After my last column criticizing Arizona's xenophobic immigration law, I got an avalanche of readers' comments. Most of them were angry anti-immigrant tirades, but some made important points that deserve an answer.
I won't waste your time responding to those that reek of racial prejudice. Instead, I will try to respond to some of the most common criticisms made by intelligent, well-meaning people whose arguments can't be dismissed as coming from the lunatic fringe.
Denise, who describes herself as a "white Anglo who has lived in Miami all my life" and wonders "how much longer I will be able to live in the town I grew up in," writes: "I am already a minority who is discriminated against and often feel that I live in a foreign country because of the huge population of Latins who insist on speaking Spanish."

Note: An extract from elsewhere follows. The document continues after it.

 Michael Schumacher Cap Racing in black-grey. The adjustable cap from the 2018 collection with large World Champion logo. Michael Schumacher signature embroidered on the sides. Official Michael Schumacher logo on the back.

"My question to you is, Why is it so awful for the citizens of the United States to simply ask immigrants who wish to live in America to do so legally? And why should we reward those who broke the law and came here illegally?" she asks. "Maybe in your next article you can address these questions."
Well, Denise, let me try. There are four major reasons why I take issue with the premise behind your questions.

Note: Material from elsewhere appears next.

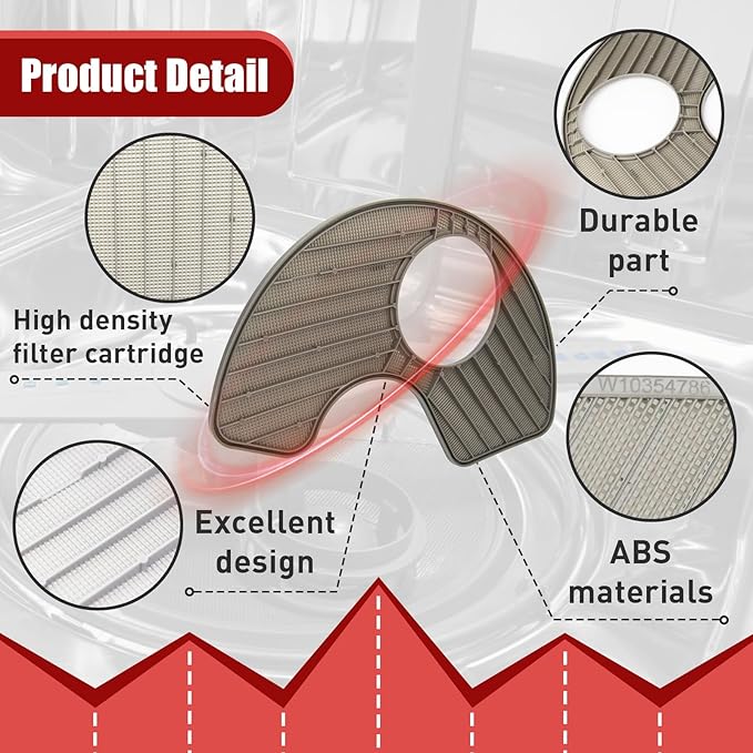 - Improve Performance: For Whirlpool dishwasher filter replacement has strong durability and excellent filtering effect. You can improve the performance of the equipment by replacing this high-quality and reliable for dishwasher filter whirlpool

First, there would be nothing wrong with demanding that immigrants come to the United States legally if we allowed them to do so. But we don't -- they are coming through the back door to take jobs we offer them, because we don't allow them in through the front door. Legal immigration quotas were set more than 20 years ago, when the U.S. demand for unskilled and highly skilled workers was much smaller than today's.
The U.S. labor market demands up to 500,000 low-skilled workers a year, while the current U.S. immigration system allows for only 5,000 permanent visas for that category, according to the National Immigration Forum, a pro-immigration reform advocacy group.
"There is no real line for unskilled workers," says Maurice Belanger, the Forum's public information director. "If you are a Mexican wanting to get a legal visa to work as a waiter in the United States, you would be dead before you get your visa."
It's somewhat easier to immigrate legally if you have close family members who are U.S. citizens, but often not by much. According to the latest U.S. State Department's visa bulletin, there is a lengthy backlog in several family visa application categories.